Совершенно не так это происходит в Италии, в этом одна из причин высокой смертности. Плюс на данный момент итальянцы не производят вскрытия. То есть все пациенты, скончавшиеся на данный момент с подтвержденной коронавирусной инфекцией, автоматически подпадают под число жертв Covid–19. Но надо четко различать — умер ли ОТ коронавируса, или С коронавирусом.
От чего они умерли?
— Он не отменяет ряда других опасных диагнозов, и как в связи с этим оценить решение минздрава отменить плановую деятельность по другим заболеваниям до конца особого периода? Ведь среди иных болезней есть такие, где фатальным может быть промедление на месяцы и недели, взять тех же онкобольных. Давайте тогда статистику смертности по всем заболеваниям за тот срок чрезвычайной ситуации.
— Дело в том, что и онкобольные попадают в группу риска при коронавирусе. Весь мир вздрогнул, когда скончался испанский тренер по футболу, ему был… 21 год. Но если копнуть дальше, то — у него был недиагностированный острый лейкоз. И любой грипп бы его в таком состоянии добил. Он поступил с температурой, ставшей для него губительной. Говорить, что его убил коронавирус? Формально — да. Но на самом деле это осложнение стало просто последней каплей.

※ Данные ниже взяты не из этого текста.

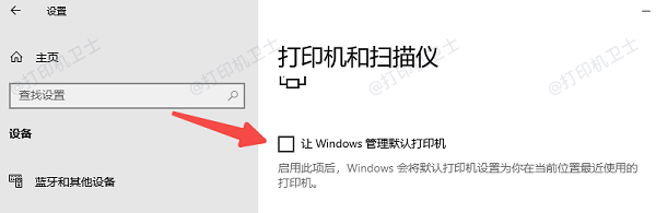 2、在右侧找到“让 Windows 管理默认打印机”,如果该选项已开启,点击关闭。否则系统会自动更改默认打印机。
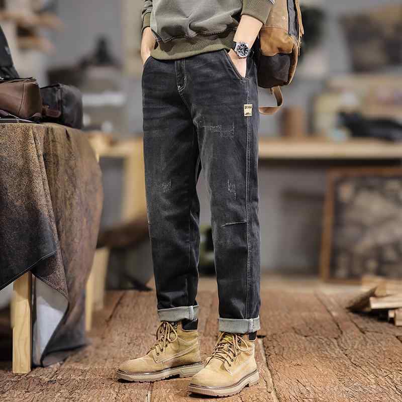 メンズ 服 シンプル ファッション オシャレ 大人 かっこいい 大きいサイズ ストリート 紳士服 アメリカンヘビー ウォッシュ スクラッチ ジーンズ 秋 ストレート カジュアル ズボン
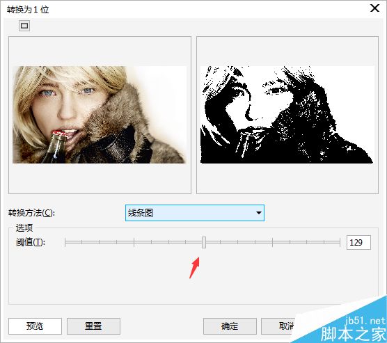 3. 在打開的“轉換為1位”對話框中,默認的轉換方法為“線條圖”,再調整“閾值”選項(根據不同圖片調整的數值不定,以圖像顯示效果為準),可以做出類似黑白素描筆觸的效果,如圖所示。
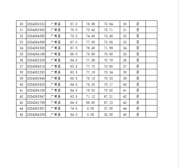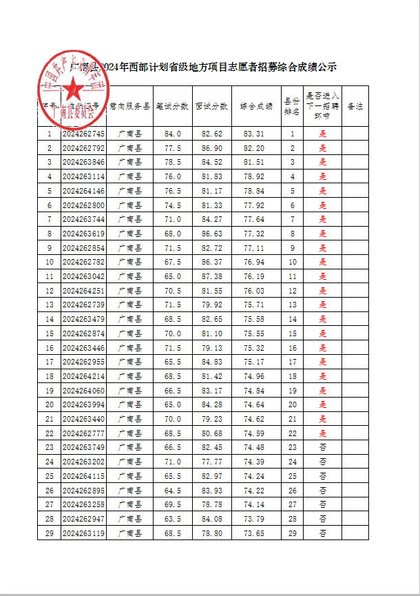 根據(jù)廣南縣2024—2025年度大學(xué)生志愿服務(wù)西部計(jì)劃省級(jí)地方項(xiàng)目志愿者招募程序和《關(guān)于做好2024—2025年度云南省大學(xué)生志愿者服務(wù)西部計(jì)劃地方項(xiàng)目志愿者招募派遣工作的通知》《關(guān)于做好文山州2024—2025年度西部計(jì)劃省級(jí)地方項(xiàng)目志愿者招募工作的通知》文件要求,廣南縣項(xiàng)目辦于2024年7月2日組織開(kāi)展相關(guān)面試工作,現(xiàn)將廣南縣2024年招募大學(xué)生志愿服務(wù)西部計(jì)劃省級(jí)地方項(xiàng)目志愿者綜合成績(jī)進(jìn)行公示。
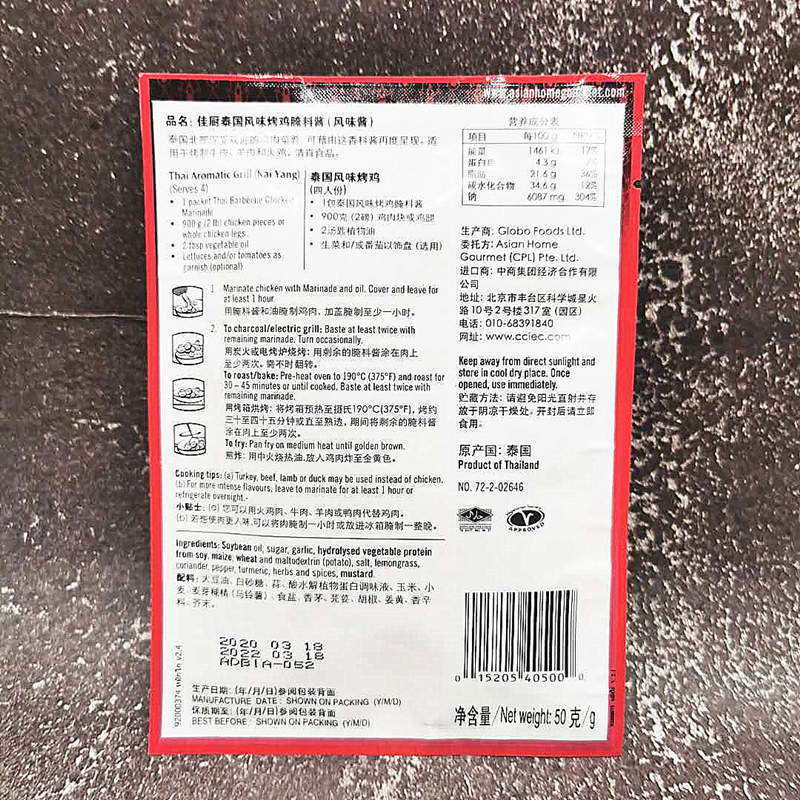 Jiachu Brand Thai Style Grilled Chicken Marinade Sauce Home Fried Chicken BBQ Marinated Meat Seasoning Sauce 50G
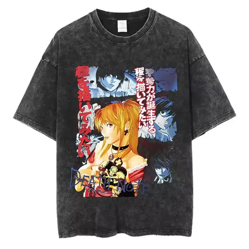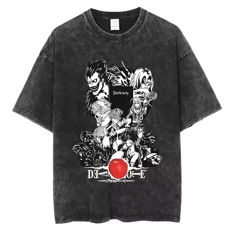 Death Notes Anime Washed Short sleeved round neck Y2k Tshirt Men Clothing New in Top & Tees Mens T-Shirt Camisetas 50830
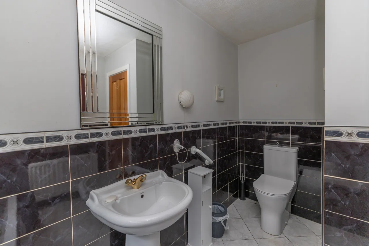 SHOWER ROOM: 5'3" x 6'4" (1.59m x 1.94m) Pedastel sink, towel rack, toilet with high and low flush, walk in electric Red Ring shower, tiled surround.
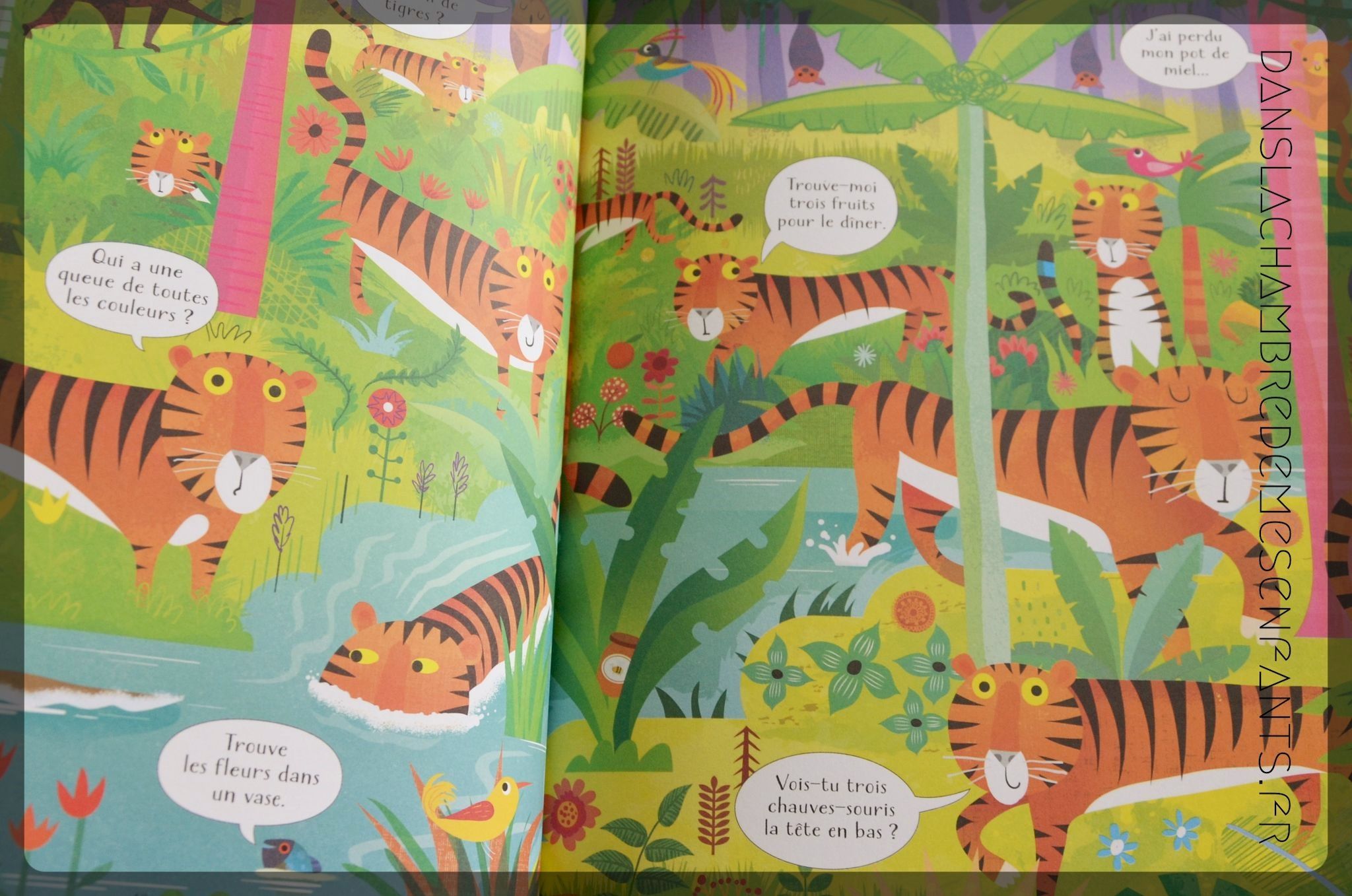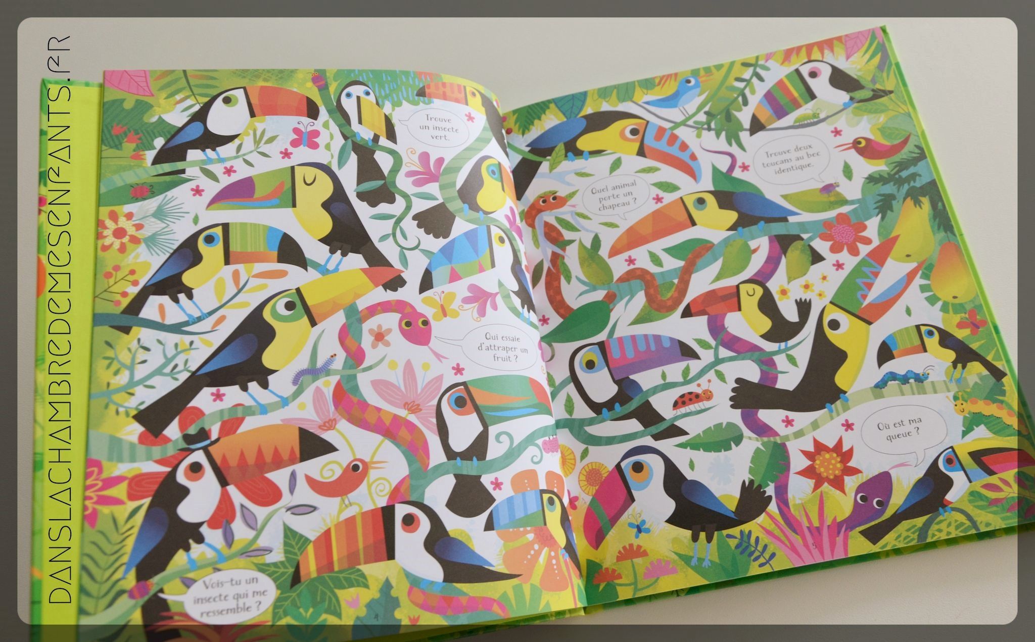 Les questions sont au nombre de 6 par scène. Elles sont toutes simples (ex : « Vois-tu un petit papillon ? ») avec souvent une notion de calcul (ex : « Combien de fourmi portent des feuilles ? », « Trouve deux toucans au bec identique »). Les détails ne manquent pas de fantaisie (ex : fourmi zébrée ou quadrillée) et le choix des animaux intéresse le lecteur (ex : le toucan, le léopard, le perroquet) qui peut commencer à se faire une idée du milieu tropical.

Поэтому говорить о том, что мы лишаем онкологических больных помощи… Наверное, нет. Везти сейчас в больницу на онкологическую операцию я бы воздержался. Риски гораздо выше.
— Внутрибольничная инфекция, как дополнительный фактор, может усугубить?
— Мы не можем прогнозировать, в какой момент пойдет эта волна — и пойдет ли она вообще. Дай бог, чтобы не пошла. К сожалению, тогда противники карантина будут говорить: "Ха–ха, мы же говорили, что все это фигня на постном масле".
— Что, на ваш взгляд, может послужить маркером для снятия всех этих строгих мер — изменение динамики в Латвии, или мы будем смотреть на Европу в целом?
— Мой анализ ситуации — ближайший месяц должен быть решающим. В любом случае, это НЕ катастрофическая ситуация. В мире в год умирает около 57 миллионов человек. Если мы возьмем всю произошедшую смертность от коронавируса, то получим 0,03%. Вот это, наверное, та цифра, которая должна вселить надежду во всех.
До сих пор все удерживается в пределах, приемлемых для современного здравоохранения. Даже если у нас все будет развиваться по какому–то дикому сценарию, типа итальянского, где, как мне кажется, не совсем верно помещали всех больных в один госпиталь, легких с тяжелыми, и потом не хватает мощностей. Они это сделали, к сожалению. Если по такому сценарию, то заболеваемость — тысяча на миллион. Грубо, для Латвии, 2000 заболевших — но в тяжелой форме только 6–10%, максимум. То есть получим двести тяжелых больных. Мощности интенсивных терапий больниц Латвии запросто позволяют держать всех на вентиляторах. Мы не находимся в какой–то катастрофической ситуации априори.